1 For example, the police did not “at any time” surround the campus when deployed near it; the dining hall “was not padlocked on any occasion”; the student protesters had not “refus[ed] to register” but rather “boycott[ed] classes on a single day”; “Dr. King had not been arrested seven times, but only four”; and the police “were not only not implicated in the bombings, but had made every effort to apprehend those who were.” New York Times, 376 U. S., at 259.

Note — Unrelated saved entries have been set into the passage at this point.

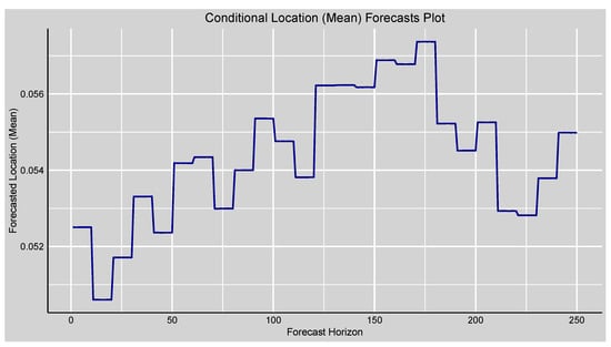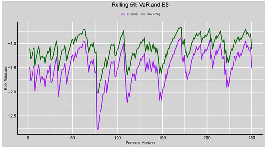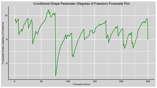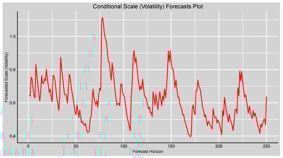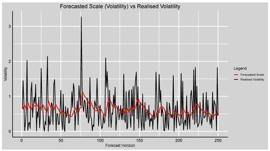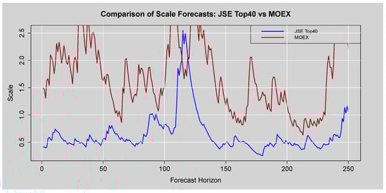 The scale forecasts given in Table 26 represent future volatility. Across all forecast horizons (), the scale forecast for the MOEX is consistently and substantially higher than for the JSE Top40, often by a factor of 3 or 4. This confirms the model’s conclusion that the future volatility environment for the MOEX is predicted to remain significantly more turbulent than for the JSE. A plot of the scale forecasts is given in Figure 23.
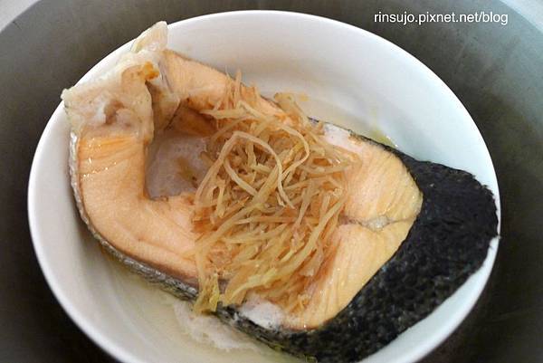 1、鮭魚洗淨後,用紙巾吸乾,舖上薑絲用電鍋蒸熟
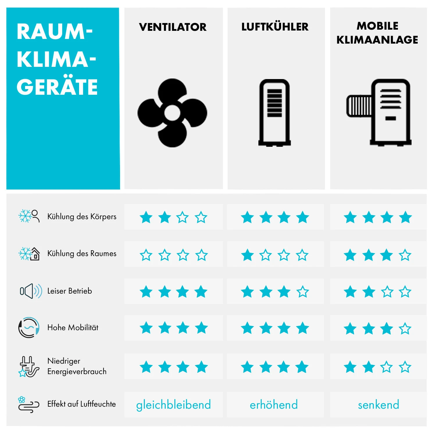 Als reiner Ventilator versetzt der Carribean Blue in drei Geschwindigkeitsstufen seine Lamellen in horizontale oder vertikale Schwingung und erzeugt selbst dann noch einen erfrischenden Hauch, wenn überall sonst die Luft buchstäblich steht. Auf diese Weise bewegt das Gerät bis zu 400 m³ Luft in einer Stunde. Wird nun noch die Kühlungsfunktion hinzugeschaltet, beginnt der Luftkühler Wasser aus seinem 4 Liter Tank zu verdunsten, das dabei die vorbeigeleitete Luft merklich abkühlt. Dieser Prozess basiert auf rein physikalischen Prinzipien und kommt daher ohne Kühlmittel und mit einem sehr geringen Energiebedarf von nur 70 Watt aus. Um die Kühlleistung nochmals zu erhöhen, können die im Lieferumfang enthaltenen Eispacks gefroren und dem Wassertank hinzugefügt werden – oder sie geben einfach Eiswürfel mit in den Wassertank. Das macht den oneConcept Carribean Blue als Luftbefeuchter auch im Winter zum willkommenen Helfer, der kontinuiierlich trockene Heizungsluft befeuchtet und so für eine Erleichterung bei geplagten Schleimhäuten sorgt. Voll mobil folgt dir der 3-in-1 Luftkühler dank Bodenrollen an jeden Einsatzort um punktgenau zu erfrischen: Egal ob am Schreibtisch, auf der Couch oder beim Kochen in der Küche.

2 In England, “[w]ords spoken in derogation of a peer, a judge, or other great officer of the realm” were called scandalum magnatum and were “held to be still more heinous”; such words could support a claim that “would not be actionable in the case of a common person.” 3 Blackstone *123 (emphasis added); Starkie *142–*143. This action, recognized by English statutes dating back to 1275, had fallen into disuse by the 19th century and was not employed in the United States. See id., at *142, n. 1 (“In this country, no distinction as to persons is recognized, and in practice, a person holding a high office is regarded as a target at whom any person may let fly his poisonous words”). Nevertheless, the action of scandalum magnatum confirms that the law of defamation historically did not impose a heightened burden on public figures as plaintiffs.
3 By its terms, the First Amendment addresses only “law[s]” “ma[d]e” by “Congress.” For present purposes, I set aside the question whether the speech and press rights incorporated against the States restrict common-law rights of action that are not codified by state legislatures.